I work for a large-ish company (will be approx 3000. employees by YE 2014) that has been public since the last tech bubble. We've run in the red for the last six years pivoting into an entirely new line of business -- essentially new investors bought an already public company and sold off the existing business to avoid having to IPO. Their exit strategy for the business is to eventually have one of our client companies buy us out. All of our contracts are structured to make such an acquisition a (from our management's perspective) sweetheart deal.

Only the way we've been going about it is all wrong. Basically these "very large companies" that we work hard to land contracts with we allow to give us very unfavorable terms and to pay us below cost. This is in a market where we have only one competitor and they can't come close to providing our level of service. It's blatantly obvious that they're getting better deals at the price for service they have now while we take all of the risk/loss.

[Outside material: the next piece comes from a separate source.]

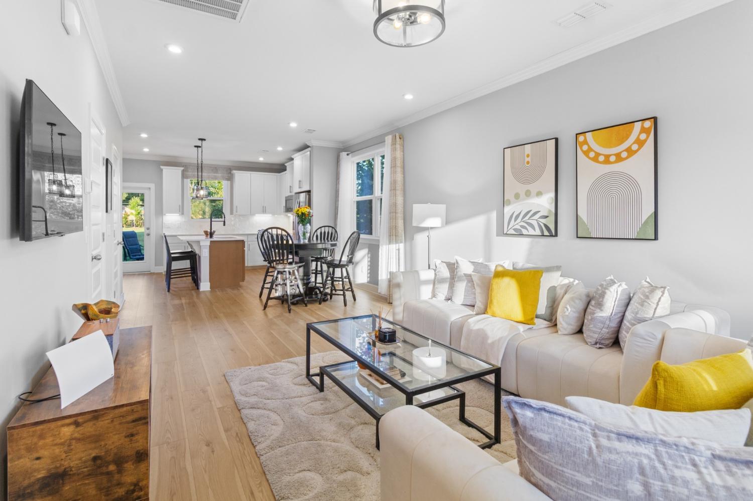 ONE OF A KIND HOME. $10,000 in closing costs and a 1-year home warranty with acceptable offer. This stunning former model home in New Hope Village is in a class by itself. Nestled in a boutique community of just 42 homes, this end unit sits on the best lot in the neighborhood with a private patio and a large, level green space right out back. Thoughtfully designed with over $42,484 in upgrades, this residence combines style, function, and comfort in every detail. Inside, you’ll find an open-concept great room, dining area, and upgraded kitchen filled with natural light from additional windows. The kitchen features quartz countertops, designer backsplash, upgraded cabinets, and a premium appliance package. Hardwood floors, iron railings, oak tread stairs, and designer lighting add a refined touch throughout. Both bedrooms are ensuite with spacious walk-in closets, and the primary suite offers a spa-like bath with frameless glass shower, dual vanities, and custom tile. Other highlights include a built-in office space, shiplap accent wall, valet bench, and a premium security system with multiple cameras. Energy Star certification ensures efficiency and low utility costs. Located less than 11 miles to Downtown Nashville, 5.5 miles to BNA, and only minutes to Percy Priest Lake, Mt. Juliet, shopping, dining, and greenways, the convenience is unmatched. 2.5 miles to the only Commuter Train Service to Downtown Nashville. With an acceptable offer, the seller is including $10,000 in closing costs and a 1-year home warranty—making this exceptional home an even greater value.

We had our very first break-even quarter sometime this year (even by GAAP principles!) and the board cut everyone very big checks that put us back in the red (even by our non-GAAP principles!). Our executives are not tech executives, they're MBA-types from the retail and call center industries, but they drink the exact same Kool Aid.

I think their line of thinking goes something like this:

1) We have a really awesome product.

2) We lose tons of money providing that product. (Aside: Holy shit, employees that actually are our product are expensive! We couldn't possibly afford to hire developers to make our large staff more efficient! No way! We're a technology company!)

3) ???

4) Our customer base that we're totally supplicant to will buy us out because fairies.

Eventually this is going to end in tears and 3000 very overworked people are suddenly going to be much less so.